— EXERCISE INSTRUCTIONS —
Only the lines from the one containing "滑車は海上・陸上を問わず必要" through the last line of the data below belong in your answer, copied exactly and without pictures.

(SOURCE DATA)

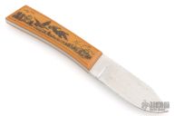 This knife by Bob Oleson features a mirror polished blade with .184" blade stock and .863" blade depth, full tang construction. The handle has vintage paper micarta scales with brass pins and nice scrimshaw. Has a couple light scuffs/scratches, excellent condition otherwise.
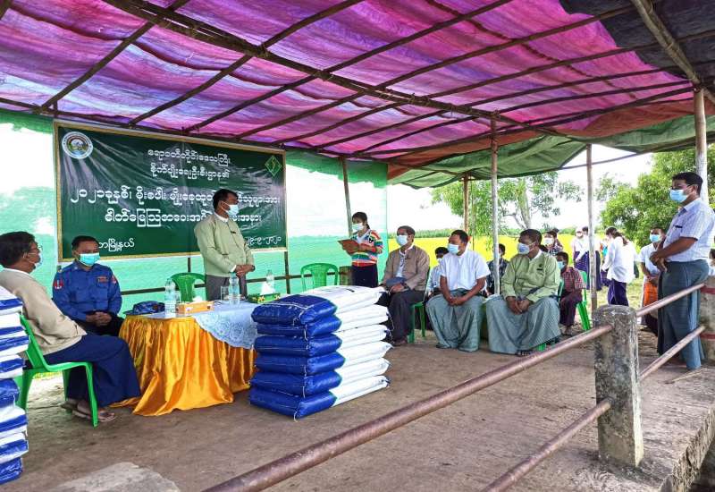 ဧရာဝတီတိုင်းဒေသကြီး၊ ငပုတောမြို့နယ်အတွင်းရှိ ၂၀၂၁ ခုနှစ်၊ မိုးစပါးမျိုးစေ့ထုတ် တောင်သူများအား စိုက်ပျိုးရေးဦးစီးဌာနက ဓာတ်မြေဩဇာထောက်ပံ့ပေးအပ်ပွဲကို ယမန်နေ့နံနက်ပိုင်းက သက္ကယ်ချောင်း စံပြကျေးရွာ၌ပြုလုပ်ခဲ့သည်။
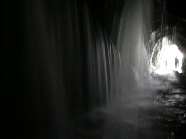 步道底就是水廉洞了,水深及膝,清澈冰涼
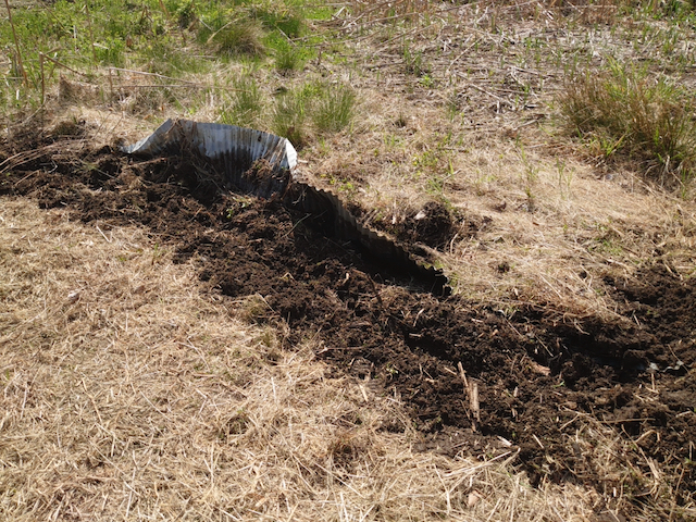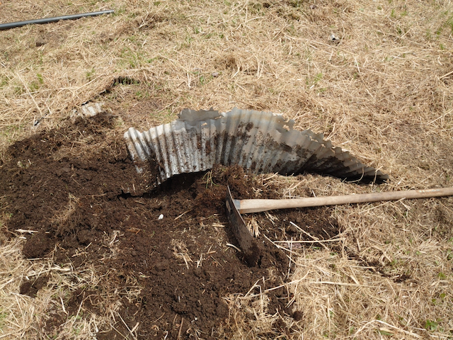 耕すのが終わった所から鍬で土を退かせて、プラ製トタンを引っ張り出します。
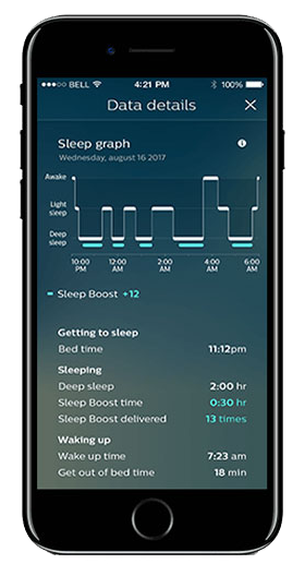 Zodra de trage-golf-slaap gemeten wordt, activeert het algoritme stille geluidsgolven die deze trage golven een boost geven en zo de kwaliteit van je slaap verbeteren.
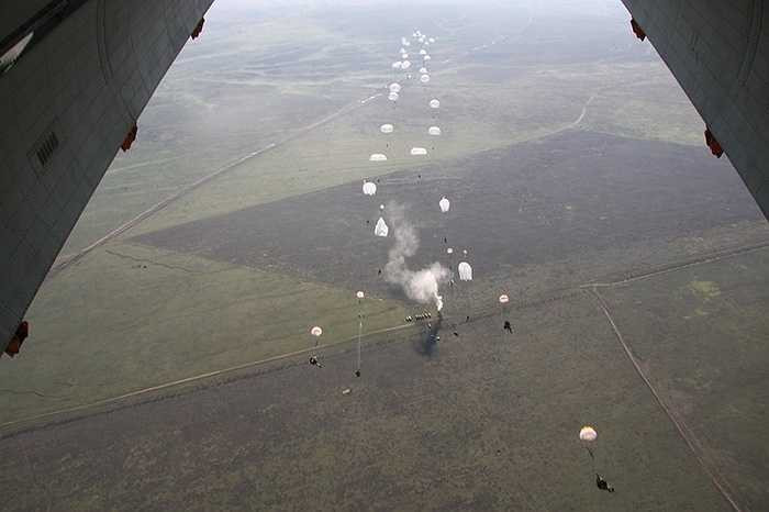Tiếp theo là bài huấn luyện đổ bộ đường không từ máy bay cánh bằng, chiếc Ilyushin IL-76.
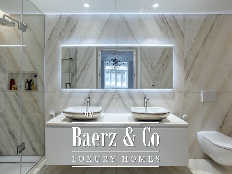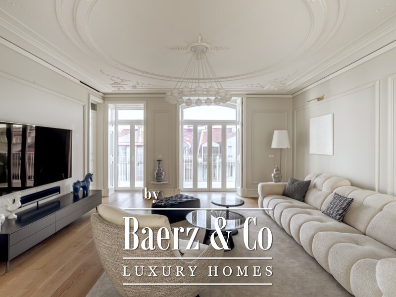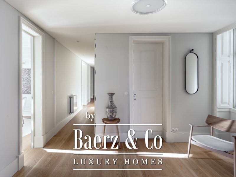Hohe, dekorative Decken mit 2,8 Metern vermitteln ein Gefühl von Großzügigkeit, während viel natürliches Licht die großzügigen Räume durchflutet, die mit größter Sorgfalt gestaltet wurden. Estremoz-Marmordetails und Einbauschränke stehen für dauerhafte Materialien und ein durchdachtes Design. Die Raumaufteilung präsentiert sich elegant: Ein Eingangsbereich führt zu Wohn- und Esszimmer, Küche mit Miele-Geräten, Gästebad, vielseitig nutzbares Schlafzimmer oder Büro und vier Suiten, davon zwei mit begehbarem Kleiderschrank. Fußbodenheizung in den Bädern, Klimaanlage in allen Räumen und Zentralheizung sorgen das ganze Jahr über für Komfort.
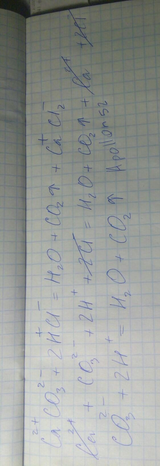 2)СаСО3+2Н(+)+2Сl(-) -> Ca(+2)+2Cl(-)+H2O+CO2
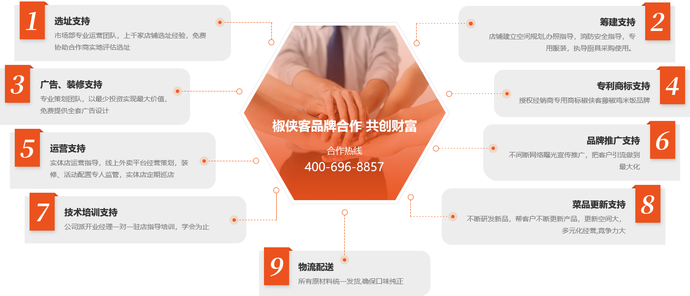 合作流程:加盟咨询:了解项目详情-实地考察:查看周边人员高峰期流动消费情况-签约:敲定合作方案-店面选址:考察结束选择店面装修-店面开业:装修指导协助开业-后期支持:运营指导,前期到后期开业营业全程指导
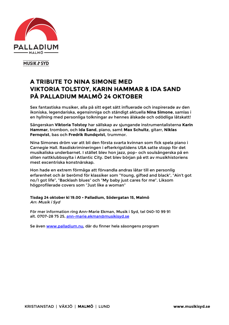 A Tribute to Nina Simone med Viktoria Tolstoy, Karin Hammar & Ida Sand på Palladium Malmö 24 oktober
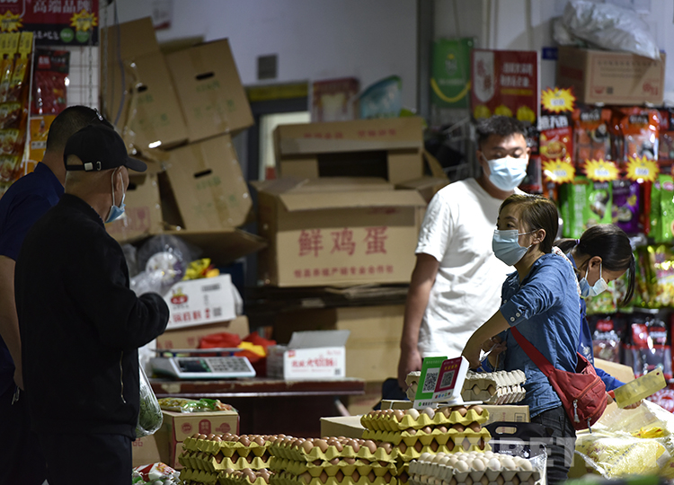 圖為8月9日,市民在拉薩柳梧農(nóng)貿(mào)市場(chǎng)購買雞蛋 攝影:王媛媛
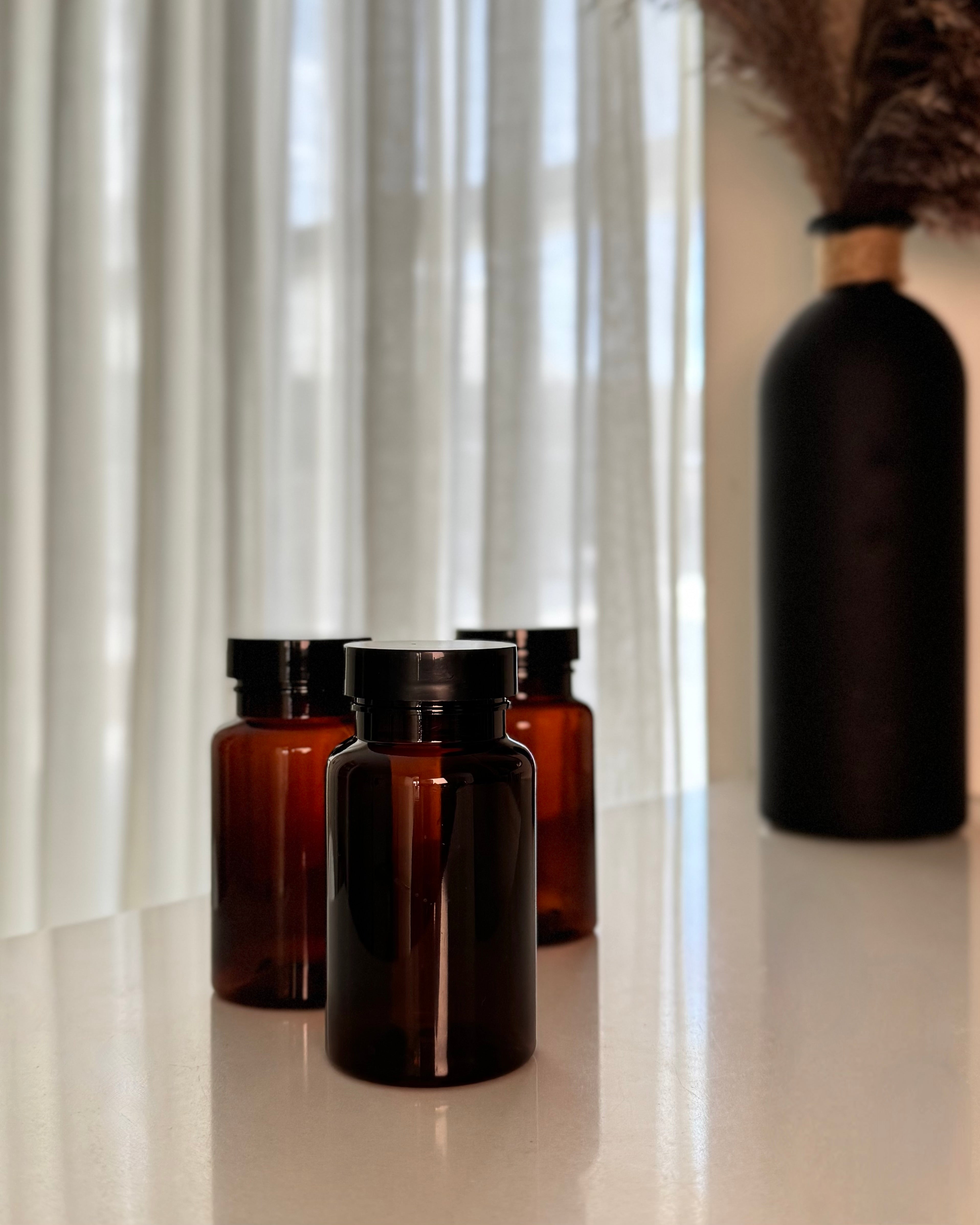 Keep your medications, vitamins and supplements organized with this set of three Eve amber bottles, perfect for practical, harmonious storage. Made from high-quality plastic, these bottles offer optimum protection against light to preserve the efficacy of your tablets and capsules for longer.
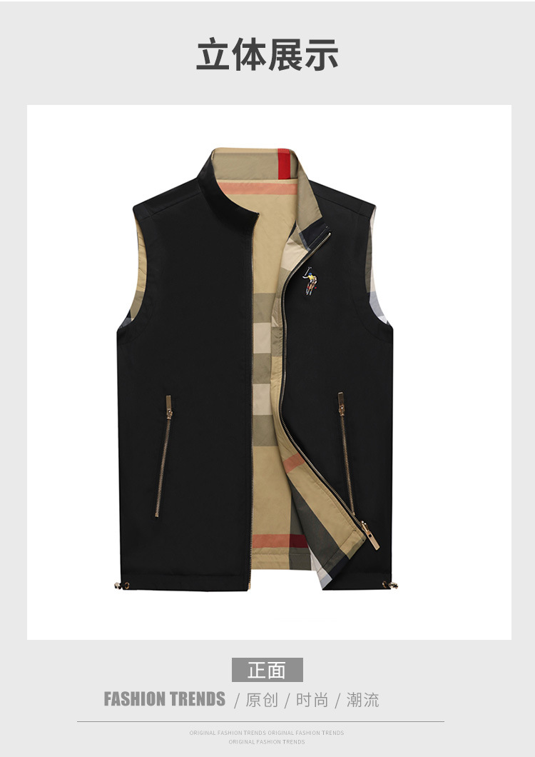 폴 브랜드 남성 스탠드 칼라 조끼 새로운 느슨한 플러스 사이즈 비즈니스 캐주얼 양면 양복 조끼 하이 엔드 조끼 재킷
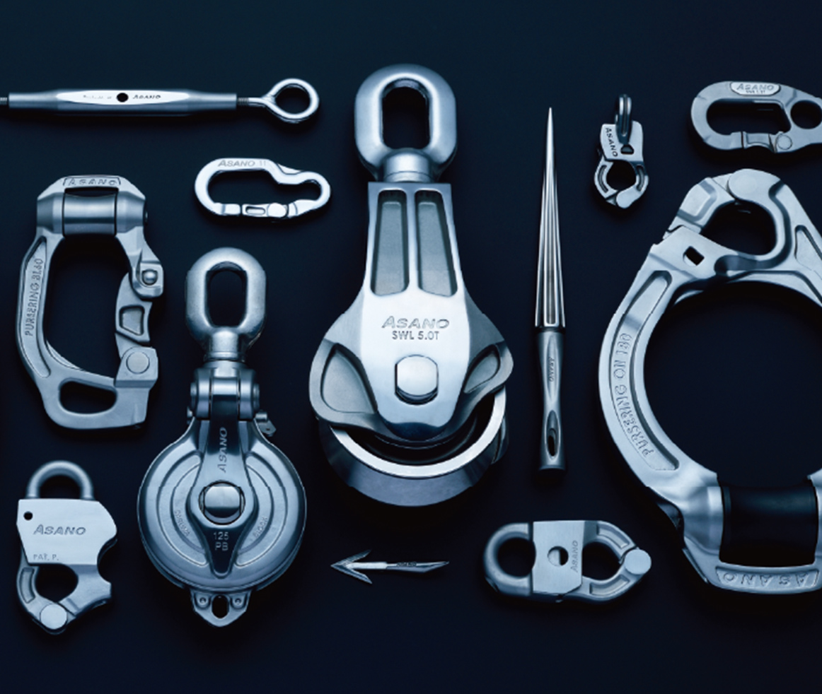 滑車は海上・陸上を問わず必要とされます。実用性の高い形状設計、高い強度、使用時を考慮した機能性。こだわりの詰まった大小さまざまなバリエーションを展開しています。
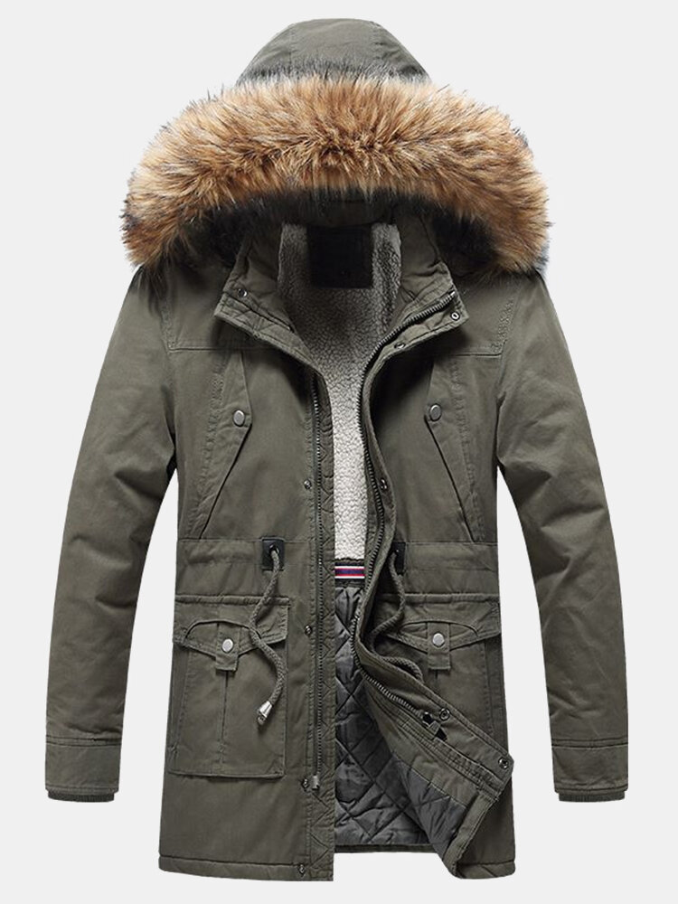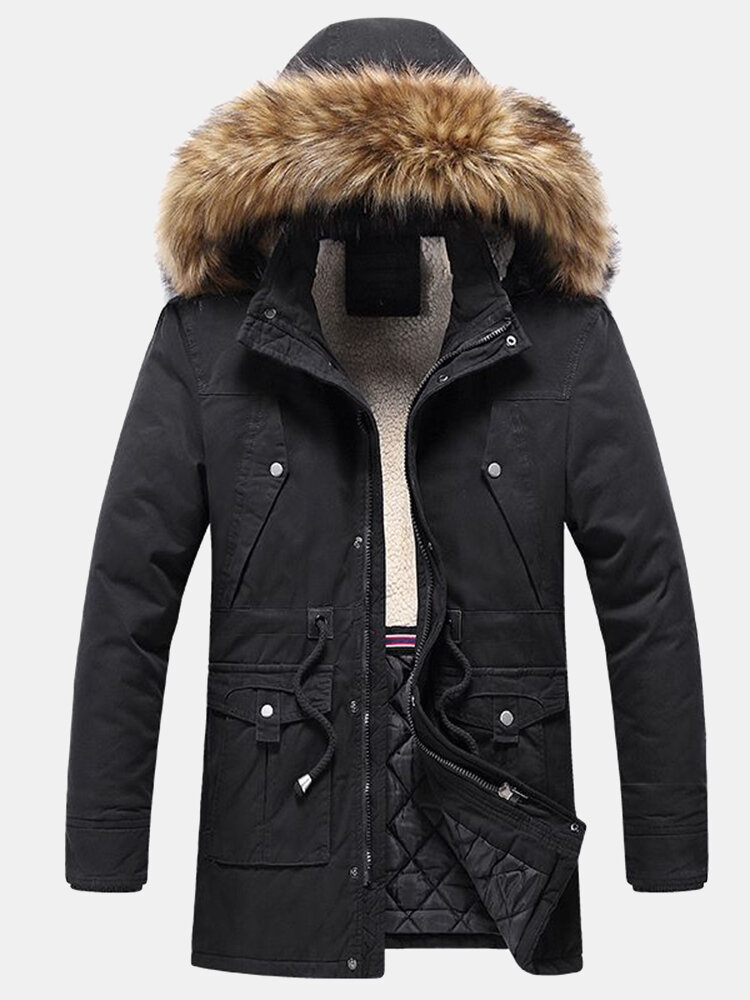 Mens Warm Solid Color Windproof Multi Pocket Detachable Faux Fur Collar Hooded Coat – M Black

(End SOURCE DATA)

— RESPONSE BOX —
 滑車は海上・陸上を問わず必要とされます。実用性の高い形状設計、高い強度、使用時を考慮した機能性。こだわりの詰まった大小さまざまなバリエーションを展開しています。
 Mens Warm Solid Color Windproof Multi Pocket Detachable Faux Fur Collar Hooded Coat – M Black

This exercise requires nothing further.